Skema tersebut, menurutnya, bukan hanya menguras anggaran, tetapi juga menciptakan ketergantungan berlebihan terhadap Tempat Pembuangan Akhir (TPA).
“Selama ini Kota Bandung mengalami miss manajemen dalam pengelolaan sampah. Sistem yang digunakan masih konvensional, sehingga membuat kota ini sangat bergantung pada TPA seperti Pasir Impun, Cicabe, Leuwigajah, hingga Sarimukti yang kini sudah over kapasitas,” ujar Aan, Minggu (21/12/2025).
Kondisi tersebut semakin terasa dampaknya ketika kebijakan pengurangan ritasi pengangkutan sampah ke TPA Sarimukti diterapkan. Alih-alih menjadi solusi, kebijakan itu justru memicu penumpukan sampah di berbagai titik kota.
“Begitu ritasi ke Sarimukti dikurangi, langsung terlihat penumpukan sampah di mana-mana. Ini menunjukkan sistem kita belum siap dan tidak punya cadangan solusi,” katanya.
Aan juga menyoroti keterlambatan Pemkot Bandung dalam menerapkan pengolahan sampah berbasis teknologi ramah lingkungan. Padahal, strategi pemilahan di sumber dan pengolahan di setiap TPS dinilainya sudah menjadi keharusan.
Ia mengungkapkan, kemampuan pengolahan sampah di TPS saat ini hanya sekitar 300 ton per hari, sementara timbulan sampah harian Kota Bandung mencapai sekitar 1.600 ton per hari.
“Ketimpangan ini sangat besar. Selama tidak ada lompatan kebijakan dan teknologi, persoalan sampah akan terus berulang,” tegasnya.
Terkait penggunaan incinerator, Aan menilai teknologi tersebut seharusnya hanya digunakan dalam kondisi darurat, bukan dijadikan solusi utama karena berpotensi menimbulkan dampak lingkungan.
“Incinerator itu sifatnya sementara, hanya untuk kondisi darurat sampah.
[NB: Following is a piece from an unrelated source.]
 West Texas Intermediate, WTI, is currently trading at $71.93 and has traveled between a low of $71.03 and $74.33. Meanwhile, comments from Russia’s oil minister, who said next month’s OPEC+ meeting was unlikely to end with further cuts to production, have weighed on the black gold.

Jangan dijadikan solusi permanen karena tetap memiliki risiko lingkungan,” ujarnya.
Sebagai jalan keluar, Aan mendorong Pemkot Bandung untuk segera membangun sistem pengolahan sampah skala kota dengan teknologi ramah lingkungan, seperti Refuse Derived Fuel (RDF) dan biodigester. Menurutnya, pengangkutan sampah ke TPA seharusnya hanya dilakukan untuk residu akhir hasil pengolahan.
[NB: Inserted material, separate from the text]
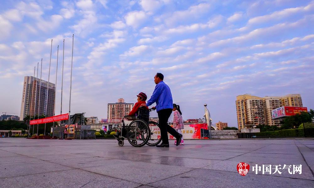 一老人用轮椅推着老伴在钦州湾广场散步。(摄影:李斌喜)

Selain itu, ia meminta Dinas Lingkungan Hidup (DLH) Kota Bandung membangun Stasiun Peralihan Antara (SPA) sebagai infrastruktur penting untuk mengelola residu sampah dari seluruh TPS sebelum dibawa ke TPA.
Tak kalah penting, Aan menekankan pelibatan masyarakat sejak tahap awal pengolahan. “Pemilahan sampah di sumber harus dilakukan secara rutin dan masif di semua wilayah. Tanpa keterlibatan masyarakat, sistem sebaik apa pun tidak akan berjalan optimal,” pungkasnya.
Dengan perubahan pendekatan yang lebih menyeluruh dan berkelanjutan, Aan berharap persoalan sampah di Kota Bandung tidak lagi menjadi krisis yang berulang, melainkan dapat dikelola sebagai bagian dari solusi lingkungan jangka panjang.